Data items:
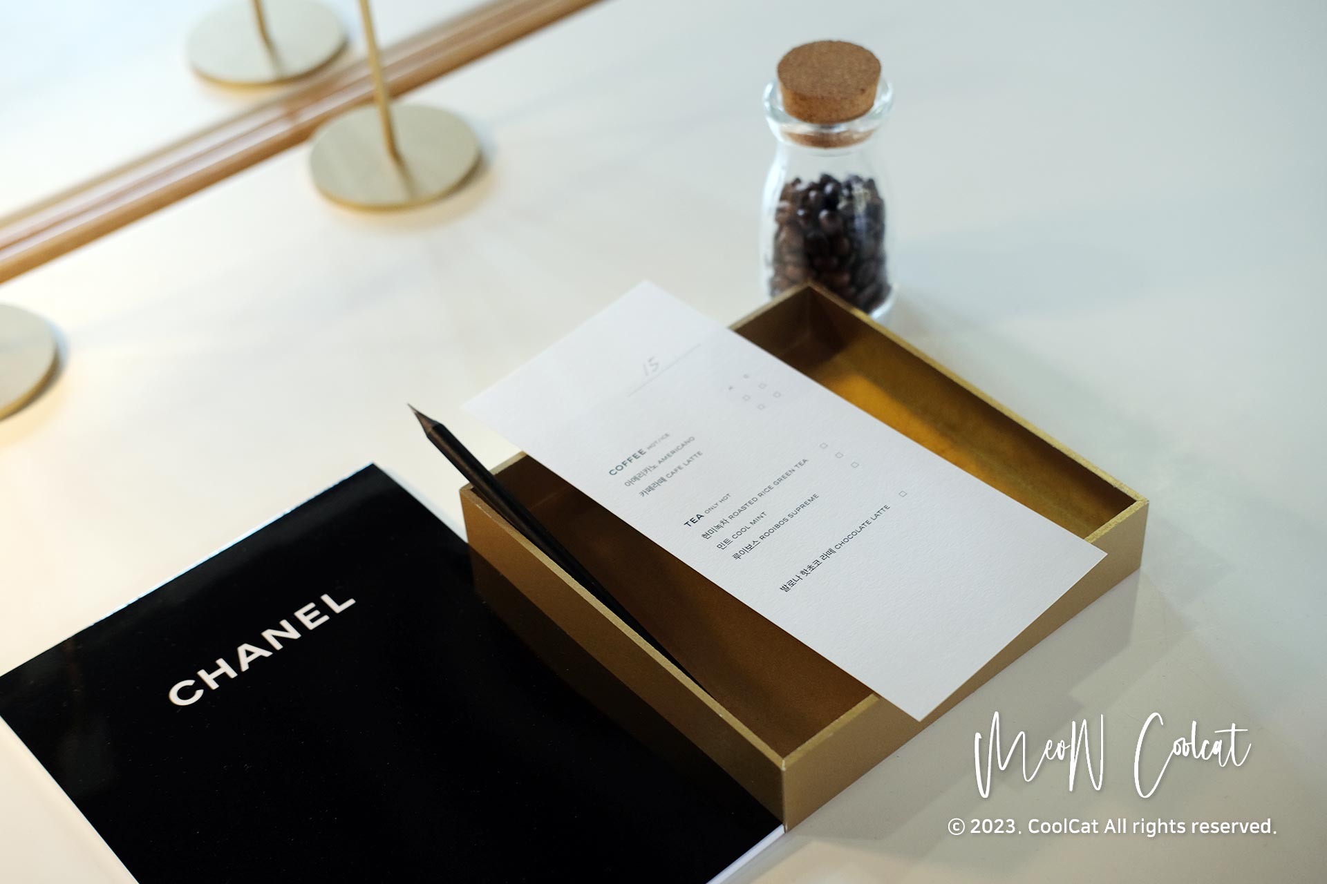 샤넬 조향클래스 세팅으로 노트세트, 음료 메뉴가 있었어요.
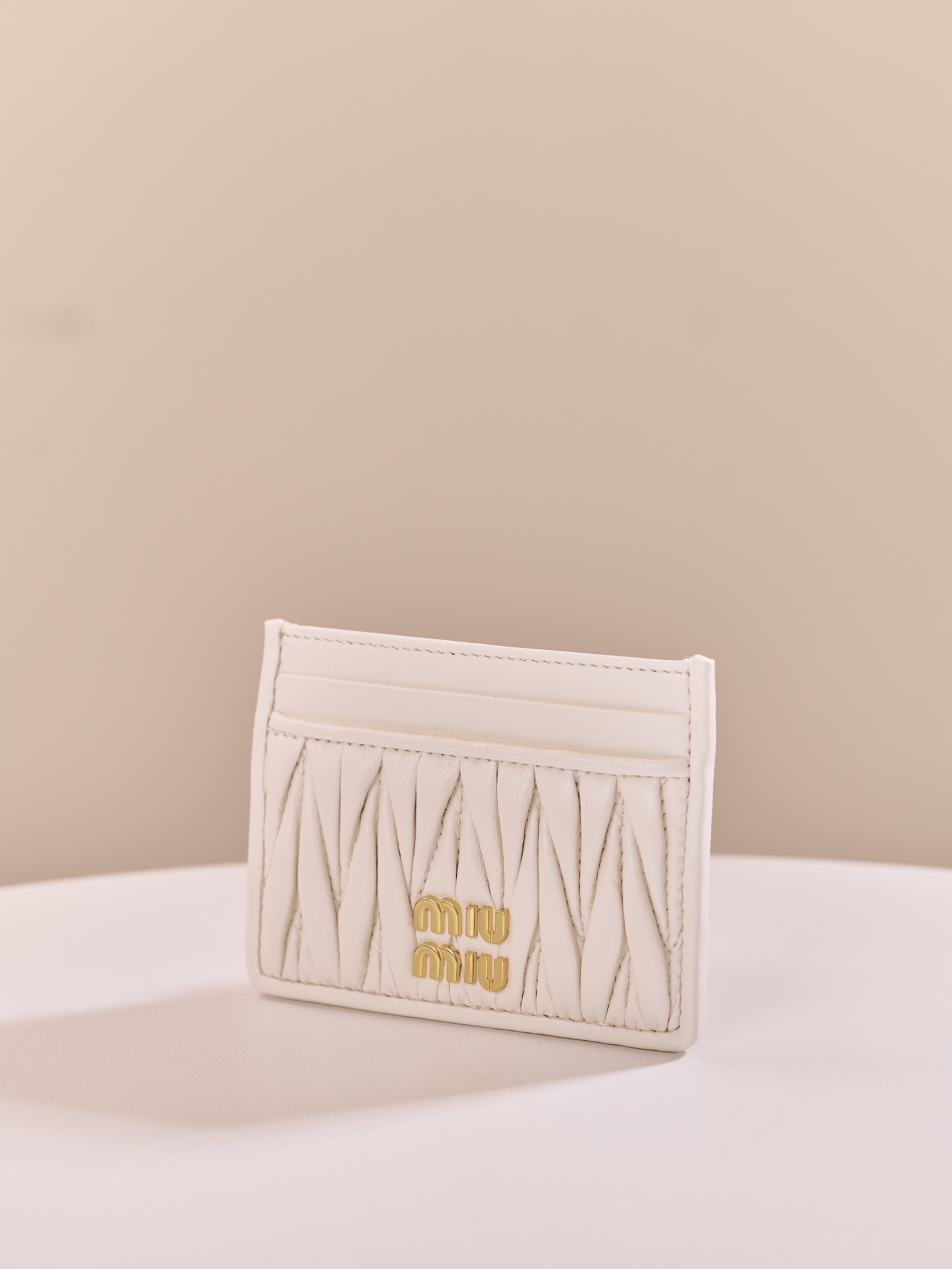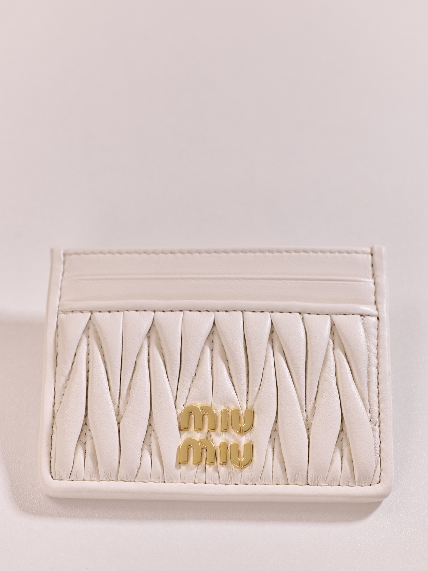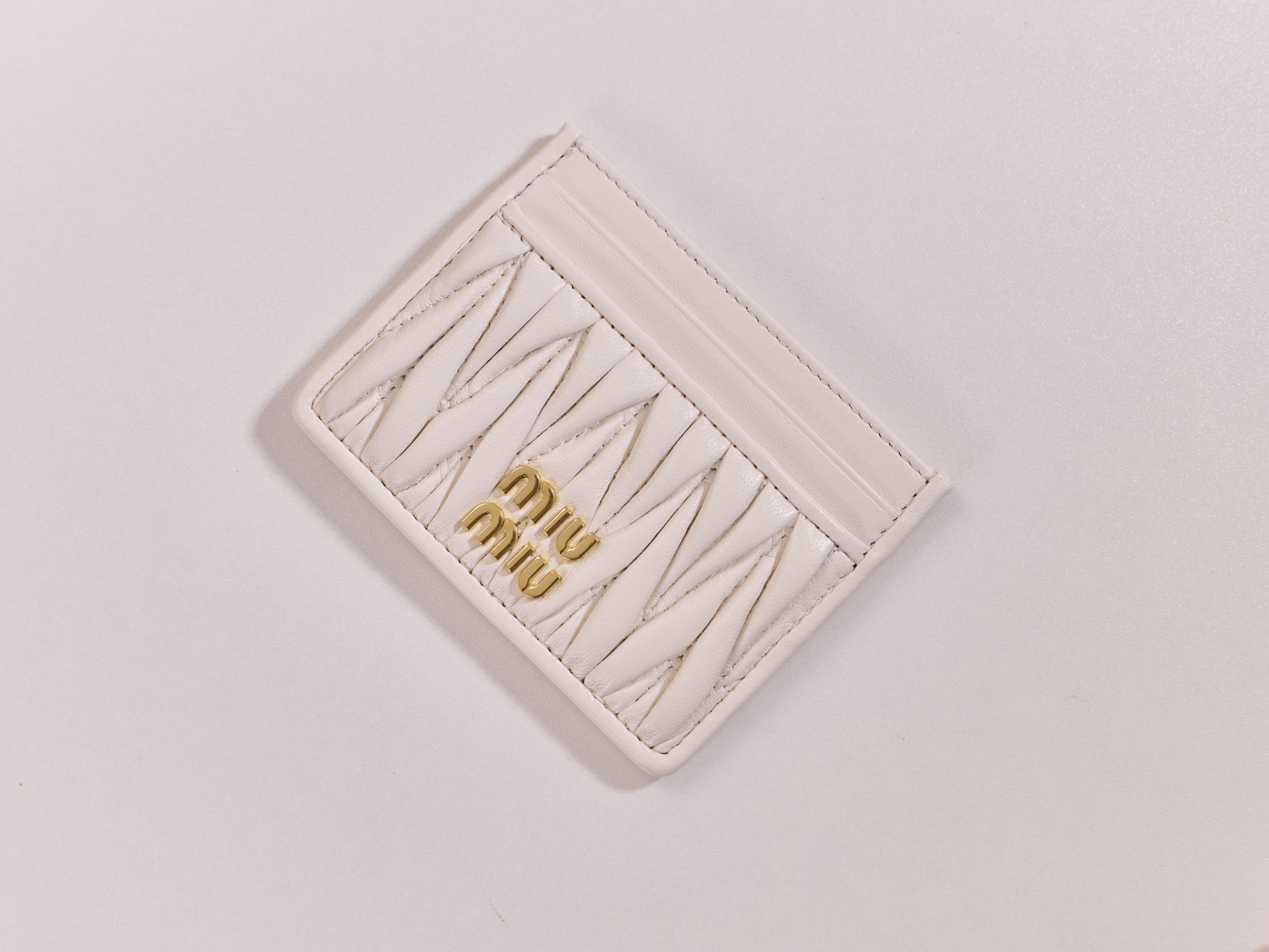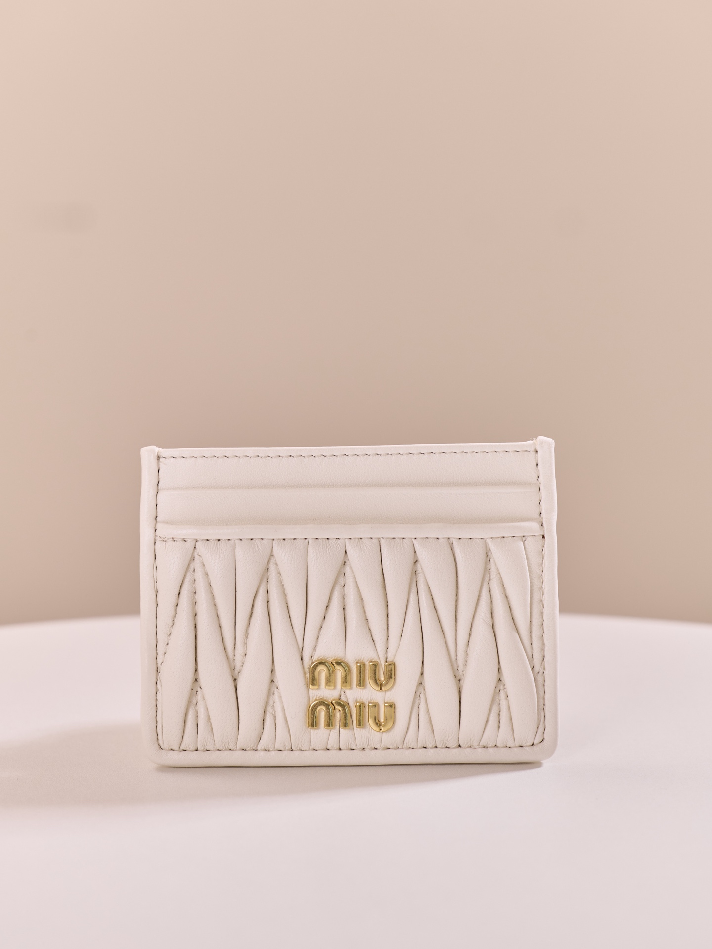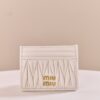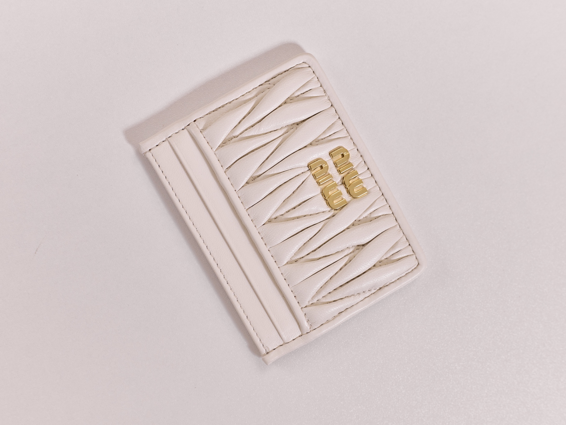 부드러운 양가죽 소재로 제작된 미우미우 카드 지갑입니다. 특유의 입체적인 마텔라세 패턴이 고급스러움을 더하며, 브랜드의 아이코닉한 디자인을 잘 보여줍니다.
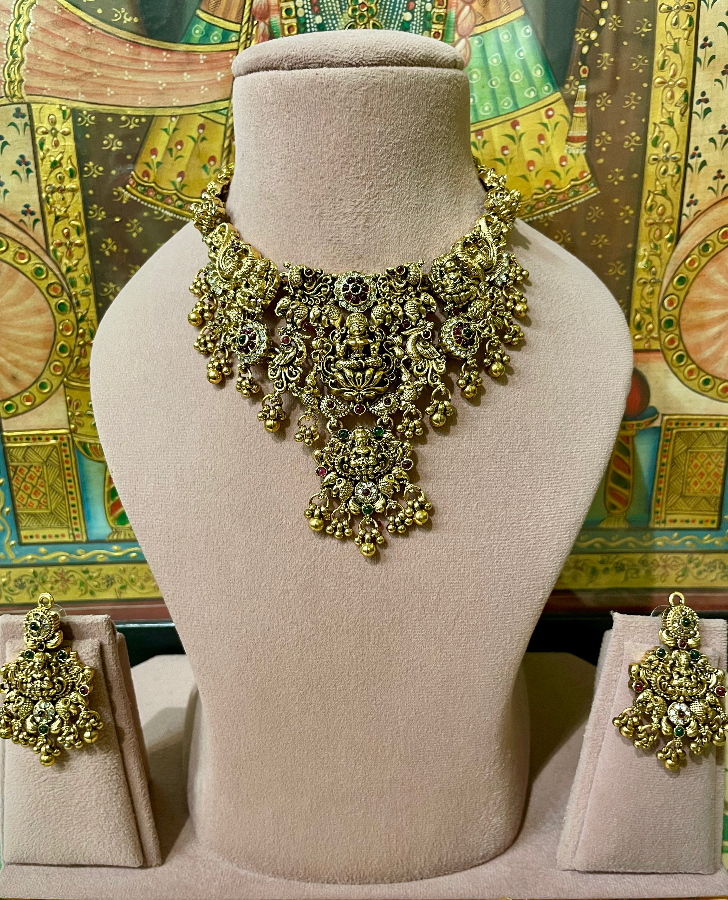 MA LAXMI TRADITIONAL SOUTH INDIAN ANTIQUE BRIDAL NECKLACE SET
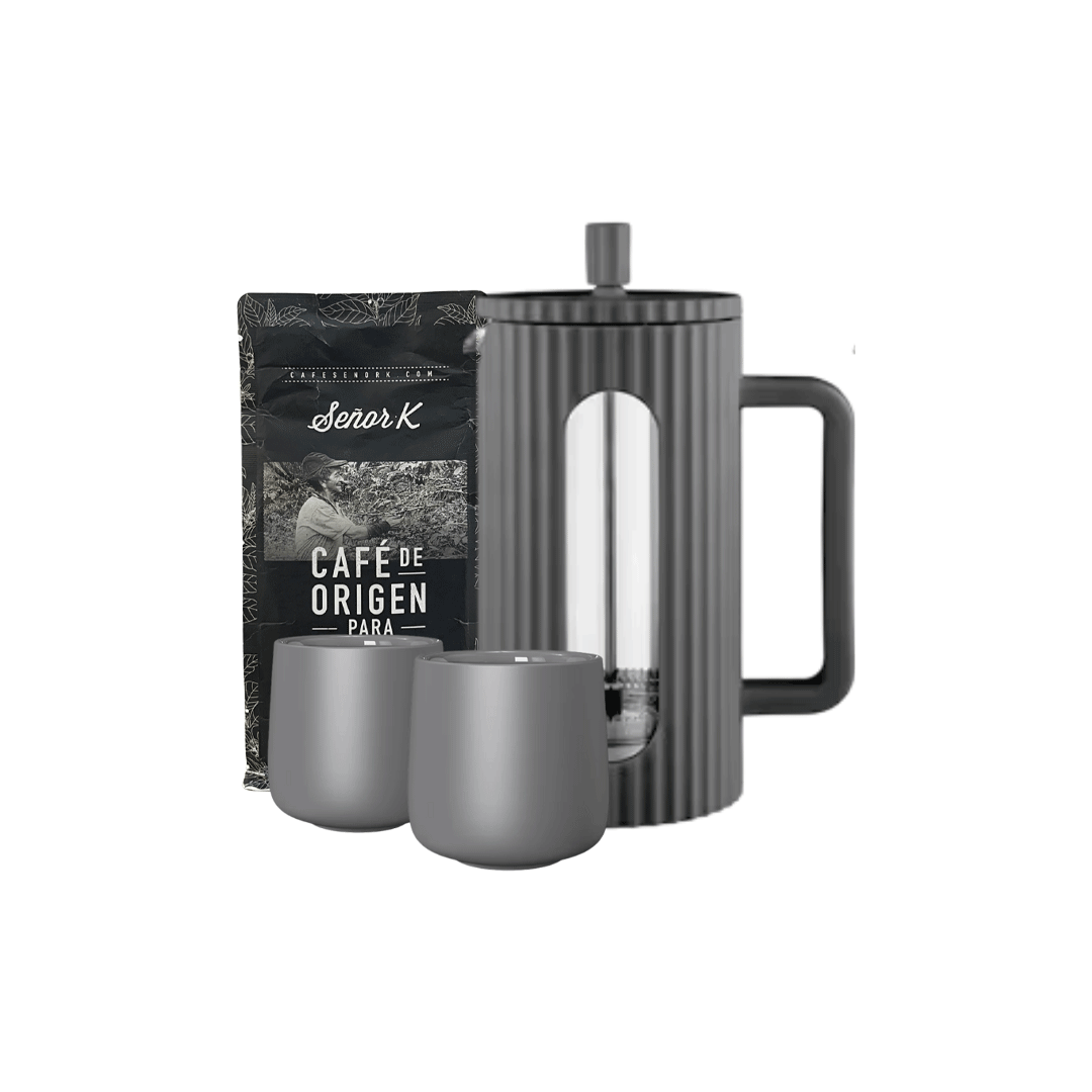Cafetera francesa gris 600ml con diseño de rayas verticales con logo a un color + 2 tazas grises doble pared 150 ml (elección de color según stock; negro, gris y beige). + Café molido señor k de 100 gr blend.
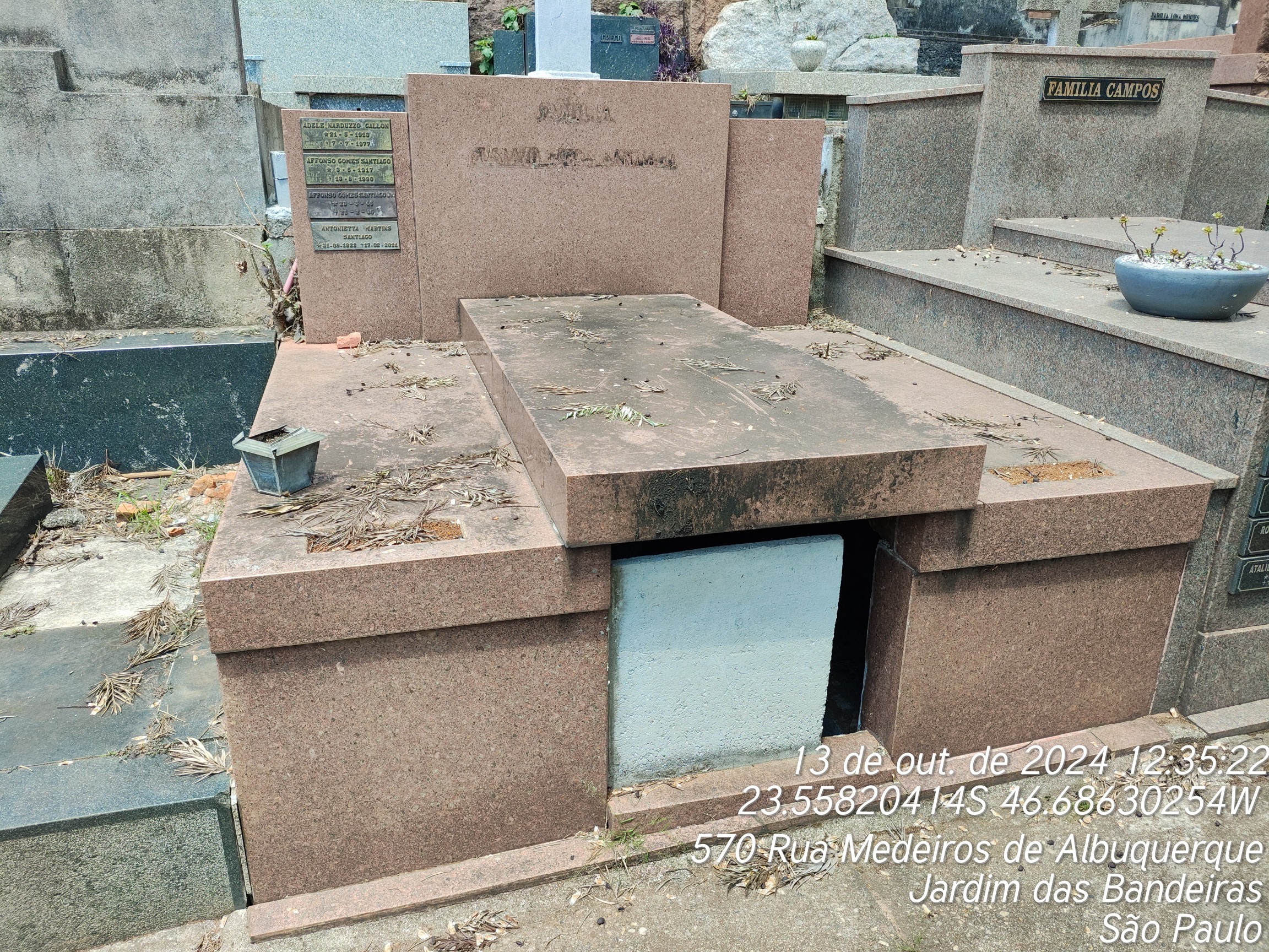 JOSE GOMES SANTIAGO - 29/03/1998, RUTH BALESTRO SANTIAGO - 04/07/1993, AFFONSO GOMES SANTIAGO JUNIOR - 21/02/2005, AFFONSO GOMES SANTIAGO - 13/08/1990, GUSTAVO GOMES SANTHIAGO - 17/02/1950, FRANCISCA BRAGHIN - 11/04/1990, DEOLINDA DA CONCEICAO SANTIAGO - 10/05/1977, JOAQUIM AUGUSTO RODRIGUES - 19/11/1959, ADILE NARDUZZI GALLON - 08/07/1977
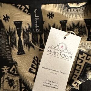 NWT. M/L. Sacred Threads Black and Cream Patterned Blazer. LG/GR/GR01

▶ Task: Leave out the pictures, and give all the records again exactly.

▶ Answer box:
 샤넬 조향클래스 세팅으로 노트세트, 음료 메뉴가 있었어요.
 부드러운 양가죽 소재로 제작된 미우미우 카드 지갑입니다. 특유의 입체적인 마텔라세 패턴이 고급스러움을 더하며, 브랜드의 아이코닉한 디자인을 잘 보여줍니다.
 MA LAXMI TRADITIONAL SOUTH INDIAN ANTIQUE BRIDAL NECKLACE SET
Cafetera francesa gris 600ml con diseño de rayas verticales con logo a un color + 2 tazas grises doble pared 150 ml (elección de color según stock; negro, gris y beige). + Café molido señor k de 100 gr blend.
 JOSE GOMES SANTIAGO - 29/03/1998, RUTH BALESTRO SANTIAGO - 04/07/1993, AFFONSO GOMES SANTIAGO JUNIOR - 21/02/2005, AFFONSO GOMES SANTIAGO - 13/08/1990, GUSTAVO GOMES SANTHIAGO - 17/02/1950, FRANCISCA BRAGHIN - 11/04/1990, DEOLINDA DA CONCEICAO SANTIAGO - 10/05/1977, JOAQUIM AUGUSTO RODRIGUES - 19/11/1959, ADILE NARDUZZI GALLON - 08/07/1977
 NWT. M/L. Sacred Threads Black and Cream Patterned Blazer. LG/GR/GR01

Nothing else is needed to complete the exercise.